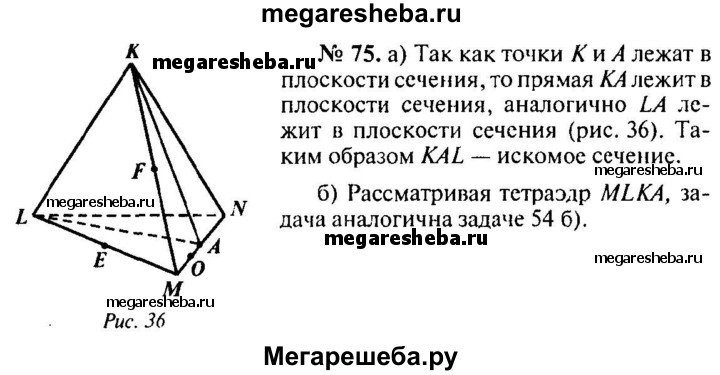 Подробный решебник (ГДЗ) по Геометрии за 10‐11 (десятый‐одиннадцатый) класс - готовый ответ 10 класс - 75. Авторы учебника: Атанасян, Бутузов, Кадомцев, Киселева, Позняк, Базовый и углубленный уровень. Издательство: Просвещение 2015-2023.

■ ■ ■ ■ ■

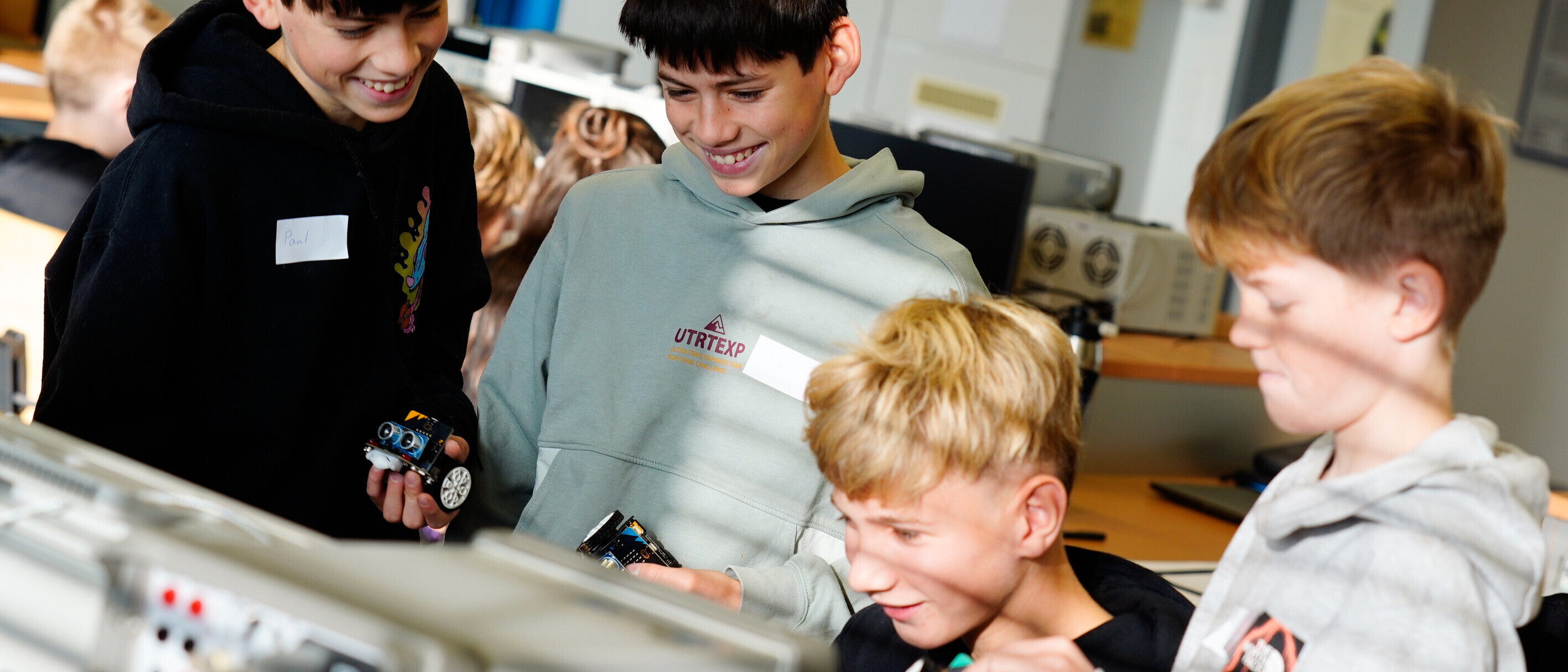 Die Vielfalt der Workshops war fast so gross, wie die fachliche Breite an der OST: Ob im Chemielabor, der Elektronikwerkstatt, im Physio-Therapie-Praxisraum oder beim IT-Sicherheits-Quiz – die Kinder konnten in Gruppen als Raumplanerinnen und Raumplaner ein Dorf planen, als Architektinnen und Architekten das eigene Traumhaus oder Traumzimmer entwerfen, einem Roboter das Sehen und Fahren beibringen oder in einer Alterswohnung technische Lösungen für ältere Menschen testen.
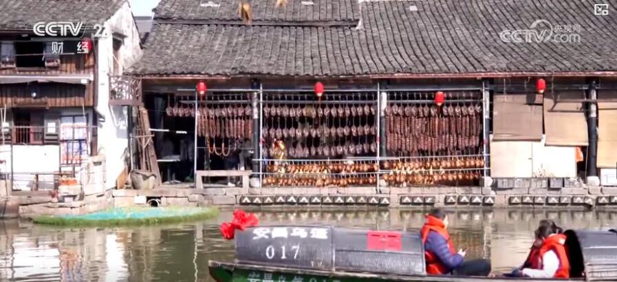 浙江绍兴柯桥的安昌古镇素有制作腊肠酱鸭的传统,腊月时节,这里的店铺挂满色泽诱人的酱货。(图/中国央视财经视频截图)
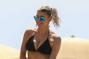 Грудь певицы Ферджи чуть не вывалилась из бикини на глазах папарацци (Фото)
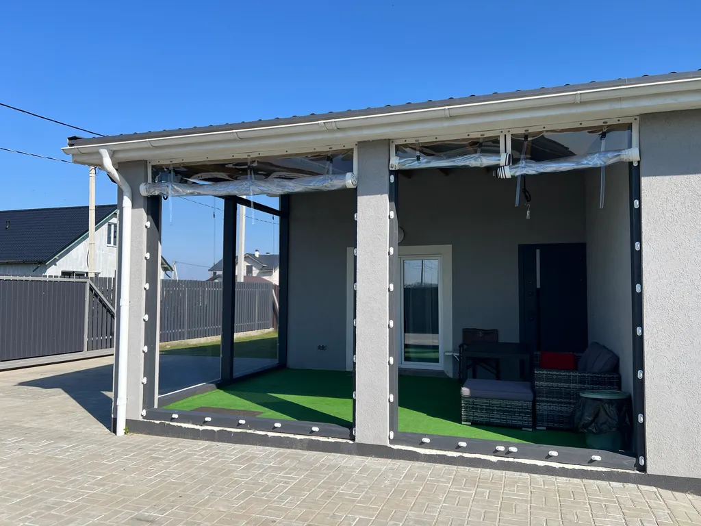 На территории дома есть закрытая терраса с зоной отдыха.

■ ■ ■ ■ ■

WHAT TO PRODUCE
Please copy the lines above exactly, starting at the line that holds "Грудь певицы Ферджи" and ending at the line that holds "На территории дома"; include both, but no pictures.

EXPECTED ANSWER
 Грудь певицы Ферджи чуть не вывалилась из бикини на глазах папарацци (Фото)
 На территории дома есть закрытая терраса с зоной отдыха.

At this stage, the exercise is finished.